> Work instruction
For the entries that follow, restate word for word the line containing "党务团务组,一直秉承着听党指", the line containing "The Primitive原始人 户外天幕", and every line that lies between them.

> Given records
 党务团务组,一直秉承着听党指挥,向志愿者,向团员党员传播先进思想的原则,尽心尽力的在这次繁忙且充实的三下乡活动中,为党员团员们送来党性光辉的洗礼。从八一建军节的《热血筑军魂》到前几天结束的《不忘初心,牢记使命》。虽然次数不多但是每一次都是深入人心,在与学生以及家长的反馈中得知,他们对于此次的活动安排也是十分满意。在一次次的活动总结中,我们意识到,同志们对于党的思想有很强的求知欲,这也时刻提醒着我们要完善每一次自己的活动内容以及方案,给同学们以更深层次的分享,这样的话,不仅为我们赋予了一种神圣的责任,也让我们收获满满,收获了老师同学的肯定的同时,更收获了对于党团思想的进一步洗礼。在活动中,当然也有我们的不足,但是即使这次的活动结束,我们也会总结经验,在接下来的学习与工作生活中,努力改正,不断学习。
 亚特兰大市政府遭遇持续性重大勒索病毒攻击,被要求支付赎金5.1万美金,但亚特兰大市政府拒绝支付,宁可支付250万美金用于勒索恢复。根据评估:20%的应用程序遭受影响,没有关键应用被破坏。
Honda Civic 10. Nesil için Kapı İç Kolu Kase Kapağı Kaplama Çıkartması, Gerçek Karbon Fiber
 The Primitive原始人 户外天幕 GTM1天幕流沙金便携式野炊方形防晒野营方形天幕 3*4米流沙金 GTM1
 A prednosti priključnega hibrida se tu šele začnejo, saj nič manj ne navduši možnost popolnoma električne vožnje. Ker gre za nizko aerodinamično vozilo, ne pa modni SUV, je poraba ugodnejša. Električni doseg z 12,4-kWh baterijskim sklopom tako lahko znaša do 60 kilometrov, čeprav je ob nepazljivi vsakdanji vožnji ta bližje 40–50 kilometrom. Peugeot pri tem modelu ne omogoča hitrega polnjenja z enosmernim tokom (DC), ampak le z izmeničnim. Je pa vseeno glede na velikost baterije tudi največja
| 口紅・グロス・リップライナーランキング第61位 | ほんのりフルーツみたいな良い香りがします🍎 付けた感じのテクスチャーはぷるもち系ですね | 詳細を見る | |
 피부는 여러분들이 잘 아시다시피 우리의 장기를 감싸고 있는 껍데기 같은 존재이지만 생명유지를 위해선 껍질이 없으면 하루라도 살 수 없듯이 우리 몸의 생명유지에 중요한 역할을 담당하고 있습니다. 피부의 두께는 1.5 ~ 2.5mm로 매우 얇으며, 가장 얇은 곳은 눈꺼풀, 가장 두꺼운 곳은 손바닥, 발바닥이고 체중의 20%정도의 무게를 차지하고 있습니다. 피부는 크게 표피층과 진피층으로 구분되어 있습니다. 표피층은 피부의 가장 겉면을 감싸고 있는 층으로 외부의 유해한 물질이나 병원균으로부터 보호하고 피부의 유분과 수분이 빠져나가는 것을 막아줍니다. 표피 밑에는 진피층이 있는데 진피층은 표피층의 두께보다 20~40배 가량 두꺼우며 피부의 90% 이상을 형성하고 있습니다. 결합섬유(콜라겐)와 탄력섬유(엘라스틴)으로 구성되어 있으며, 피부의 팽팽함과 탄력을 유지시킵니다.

---

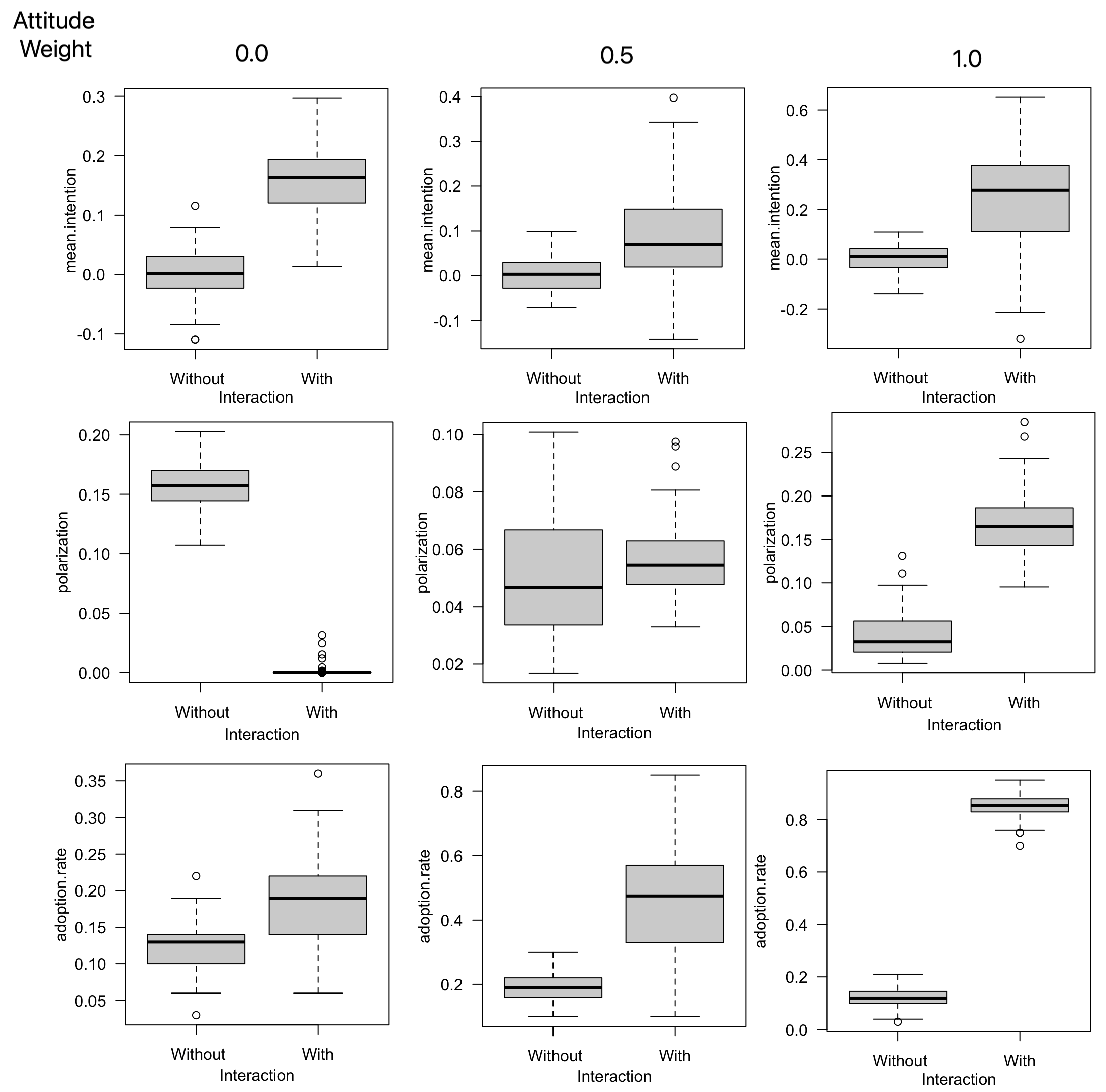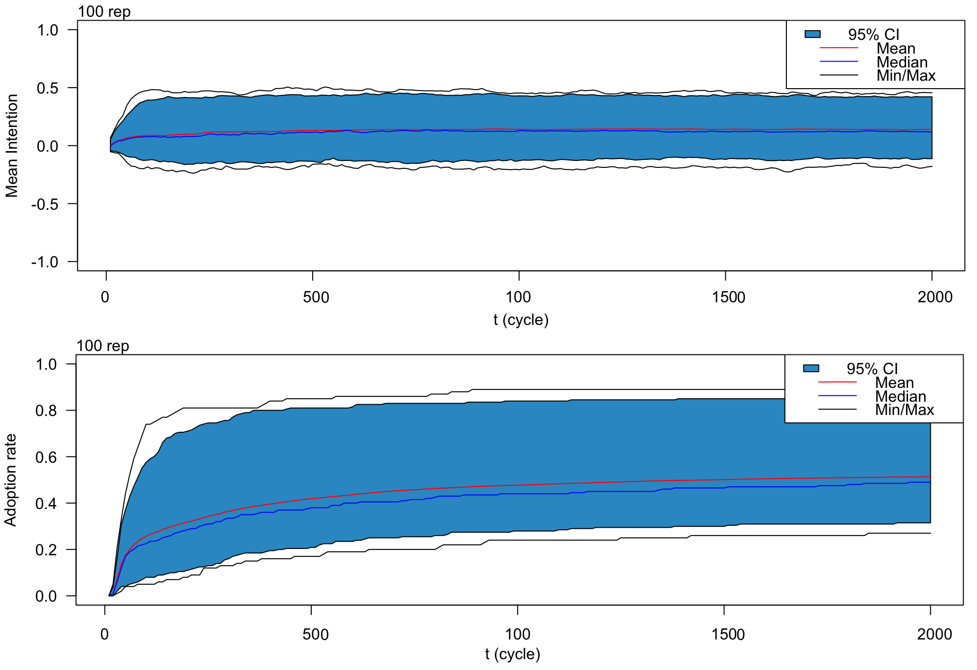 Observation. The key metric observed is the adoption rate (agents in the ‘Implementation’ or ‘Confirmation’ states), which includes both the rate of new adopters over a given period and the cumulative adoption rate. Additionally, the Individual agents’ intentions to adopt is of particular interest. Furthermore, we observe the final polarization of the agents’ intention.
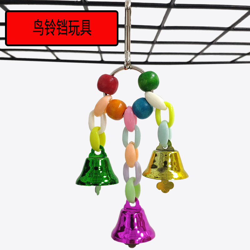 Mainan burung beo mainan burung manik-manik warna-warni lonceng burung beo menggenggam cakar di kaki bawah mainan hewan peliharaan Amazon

> Response to this task
 党务团务组,一直秉承着听党指挥,向志愿者,向团员党员传播先进思想的原则,尽心尽力的在这次繁忙且充实的三下乡活动中,为党员团员们送来党性光辉的洗礼。从八一建军节的《热血筑军魂》到前几天结束的《不忘初心,牢记使命》。虽然次数不多但是每一次都是深入人心,在与学生以及家长的反馈中得知,他们对于此次的活动安排也是十分满意。在一次次的活动总结中,我们意识到,同志们对于党的思想有很强的求知欲,这也时刻提醒着我们要完善每一次自己的活动内容以及方案,给同学们以更深层次的分享,这样的话,不仅为我们赋予了一种神圣的责任,也让我们收获满满,收获了老师同学的肯定的同时,更收获了对于党团思想的进一步洗礼。在活动中,当然也有我们的不足,但是即使这次的活动结束,我们也会总结经验,在接下来的学习与工作生活中,努力改正,不断学习。
 亚特兰大市政府遭遇持续性重大勒索病毒攻击,被要求支付赎金5.1万美金,但亚特兰大市政府拒绝支付,宁可支付250万美金用于勒索恢复。根据评估:20%的应用程序遭受影响,没有关键应用被破坏。
Honda Civic 10. Nesil için Kapı İç Kolu Kase Kapağı Kaplama Çıkartması, Gerçek Karbon Fiber
 The Primitive原始人 户外天幕 GTM1天幕流沙金便携式野炊方形防晒野营方形天幕 3*4米流沙金 GTM1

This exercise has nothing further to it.